There are many risk factors contributing to the occurrence of fractures, including decreased bone mineral density (BMD), low vitamin D levels, lower limb strength, sensory system function (vision, vestibular, and proprioception), flexibility, and postural balance decline (Low Choy et al., 2007; Melton et al., 2010; Jang et al., 2012; Louer et al., 2016). However, the role of climate in the incidence of fracture has received much less attention, so its real impact has yet to be fully elucidated. Recently, emerging studies (Jacobsen et al., 1995; Levy et al., 1998; Jacobsen et al., 1999; Lin and Xiraxagar, 2006; Bischoff-Ferrari et al., 2007; Tenías et al., 2009; Lau et al., 2010; Turner et al., 2010; Leavy et al., 2013; Giladi et al., 2014; van den Brand et al., 2014; Tenías et al., 2015; Al-Azzani et al., 2016; Fraenkel et al., 2017; Mazzucchelli et al., 2018; Lofthus et al., 2001; Mirchandani et al., 2005; Murray et al., 2011; Modarres et al., 2012; Modarres et al., 2014; Koren et al., 2014; Jo et al., 2018; Segal et al., 2018; Warrender et al., 2018) have focused on the influence of meteorological factors on the incidence of fractures, especially temperature, relative humidity (RH), freezing rain, and snow, but the results are inconsistent.

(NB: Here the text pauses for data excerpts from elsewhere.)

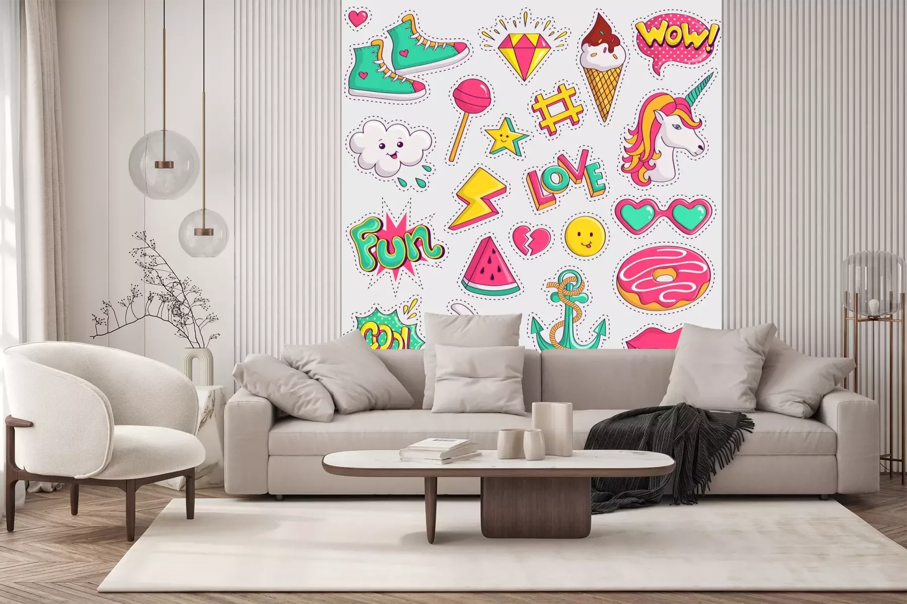 Sticker Sammlung von fröhlichen Jugendgrafiken
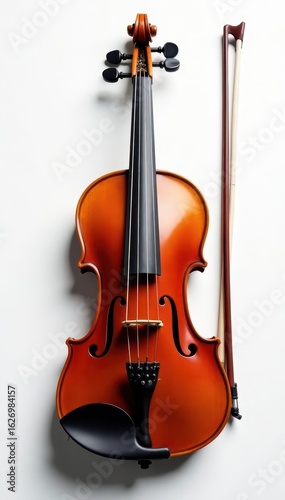 Fototapeta premium Classic violin and bow, pristine white backdrop, instrument, violin
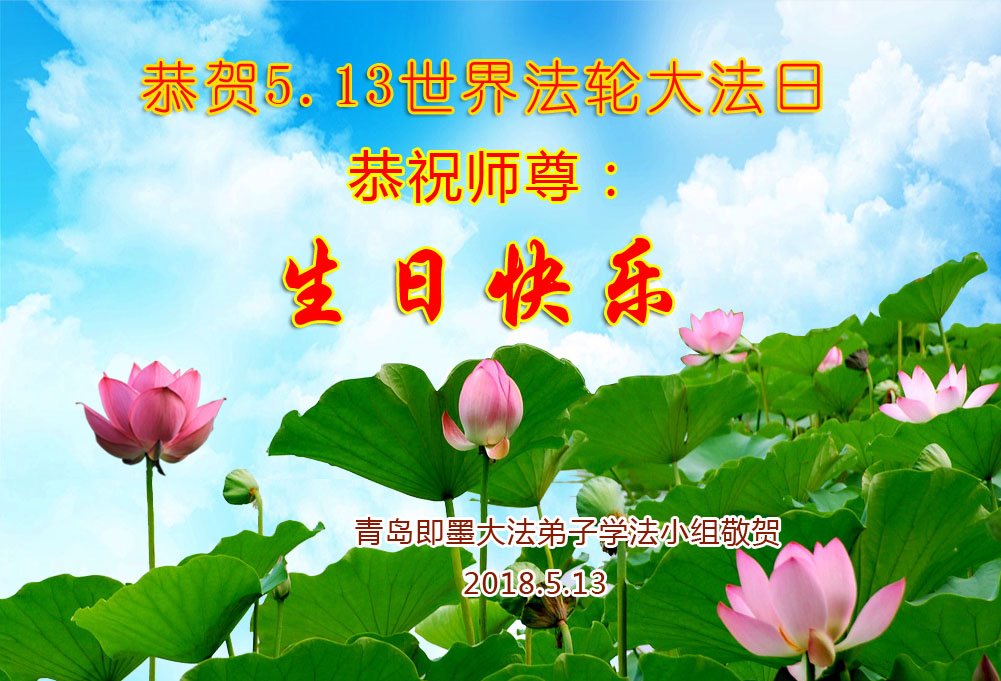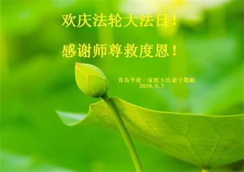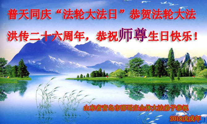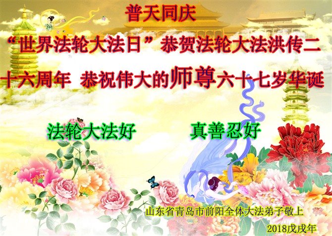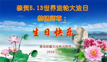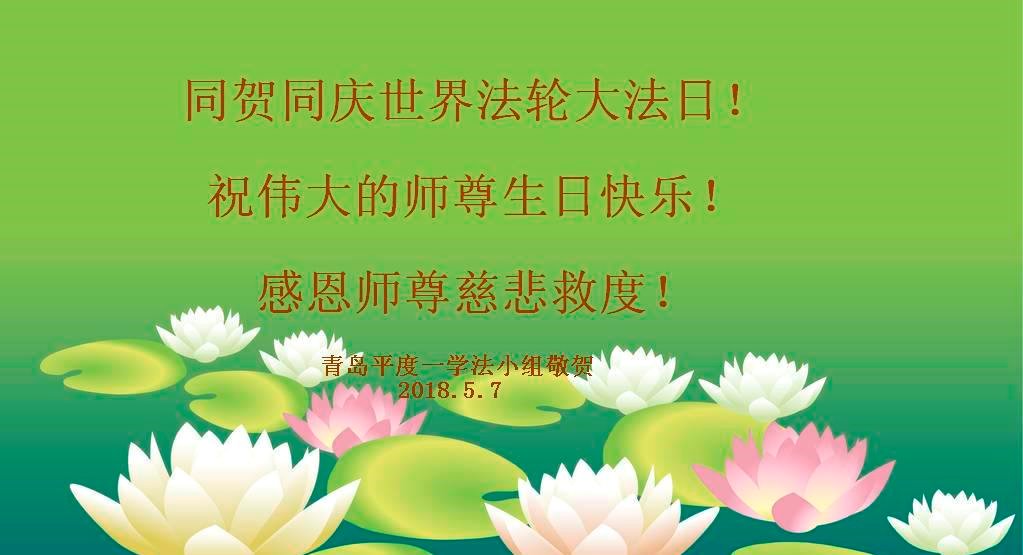 【明慧网二零一八年五月十一日】 山东青岛郑庄大法弟子恭贺法轮大法日!

The fracture types varied in these studies, among which hip fractures (HFs), distal forearm fractures (DFFs), and distal radius fractures (DRFs) were dominantly and contribute significantly to the burden of fractures. For instance, Tenías et al. (2009) found that higher temperature was associated with higher fracture incidence. But Bischoff-Ferrari et al. (2007) reported that higher winter temperatures were inversely related to the risk for DRFs and ankle fractures. As for freezing rain the main result of previous studies is that the day with freezing rain is associated with a higher although some were not statistically significant incidence of fractures (Levy et al., 1998; Jacobsen et al., 1999; Giladi et al., 2014), but contrary results also exist (Jacobsen et al., 1995). For snow, the results of previous studies are the same as freezing rain (Jacobsen et al., 1995; Jacobsen et al., 1999; Leavy et al., 2013; Giladi et al., 2014; van den Brand et al., 2014; Al-Azzani et al., 2016; Mazzucchelli et al., 2018). For other meteorological variables (e.g. rainfall, RH, sunlight duration, dew, frost, fog, storm, high wind, and temperature ≦ 0 °C) inconsistent results also existed.

As fractures require a multidisciplinary treatment approach, ranging from surgery to physiotherapy and rehabilitation, thus, the identification of the risk factors for fractures, including meteorological variables, is critical to the development of effective preventive programs and healthcare resources planning. Although there are emerging studies exploring the relationship between meteorological factors and fractures, the focused meteorological factors and conclusions of each study are different. Therefore, we conducted this meta-analysis of previous findings with the main aim to explore the association, to quantify the size of the effects, and to identify the vulnerable populations for prevention.